Presently she is fed on Royal Canin which is a great food but i am not keen on the way they make it and more importantly test it on animals prior to it being released on to the market.

I am consdiering changing her once a little older on to Orijen and i wondered what everyone's opinions of it are.

I know a few people who feed their dogs on the brand and they swear by it saying their dogs have never looked better. Infact i havn't heard a bad thing about the dog food but the cat food i am totally clueless about.

Thank you in advance for any answers 

Julie


----------



## doodlebug (May 13, 2006)

Orijen doesn't make a wet food, so that's an issue...cats need a diet that is primarily wet. Dry can be used as a supplement, but has the potential to cause a lot of problems down the road if it's the only food used. See the sticky at the top of this forum on why cats need wet food. Good info at these sites as well:

http://www.littlebigcat.com/index.php?action=library
www.catinfo.org

The best brands of wet food are Wellness Core, Innova EVO imo. In addition regular Wellness, Innova, Natural Balance, Merrick, Holistic Select, Nature's Variety, California Natural and many more are all good, but that should get you started. 

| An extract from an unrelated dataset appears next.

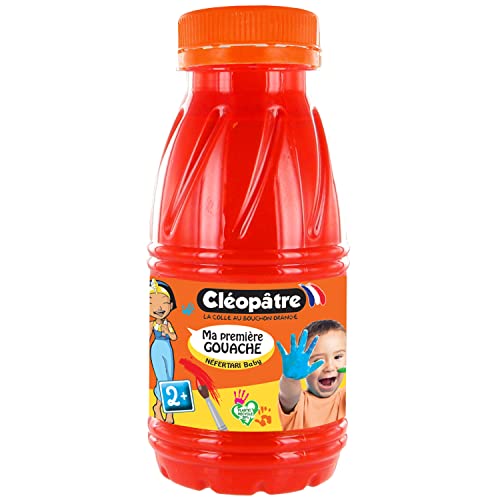 CLEOPATRE Rouge Vif 250ml première Gouache BABY 2-en-1-Peinture au doigt lavable pour enfant dès 2 ans Flacon

BTW, ingredients like corn, corn gluten meal, rice hulls make Royal Canin a poor food, but not as awful as something like Friskies.


----------



## hoofmaiden (Sep 28, 2009)

Maistaff said:


> Presently she is fed on Royal Canin which is a great food but i am not keen on the way they make it and more importantly test it on animals prior to it being released on to the market.


Well, it's not a great food, actually. Ingredients are inappropriate for a carnivore. And ALL pet foods are "tested on animals" in that they must go through feeding trials. 

As doodlebug said, dry food is not recommended for cats. Since you clearly want to do the best possible thing for your kitty, please consider switching her to a high-quality grain-free canned food (or going raw).


----------



## Maistaff (Dec 4, 2009)

Thank you for your replies.

The Royal Canin is the food she has been wheened on to and not wanting to upset her too much what with moving home to mine i want to keep as much as possible the same e.g her diet 

I am a great believer that all animals need meat be it in a wet food format or raw. I have tried feeding raw with my dogs BUT i found that i had no confidence in myself to get the balance right and as i both show and compete my dogs in agility i need to ensure their diet is the best i can offer them.

I have no objections to feeding my kitten raw chicken as i currently feed raw chicken wings to my dogs as an extra source of raw meat and bone. I also feed fish, tuna, mackeral, sardines etc to my dogs so again my kitten will also get fish added to her diet.

The Royal Canin or what ever dry food i chose will be the main part of her diet with my added meats. I will feed the wet food, again she gets Royal Canin wet food which i won't change for now but will investigate others once i have her home but with a steady introduction as again i don't want to upset her digestive system with too much change to her diet.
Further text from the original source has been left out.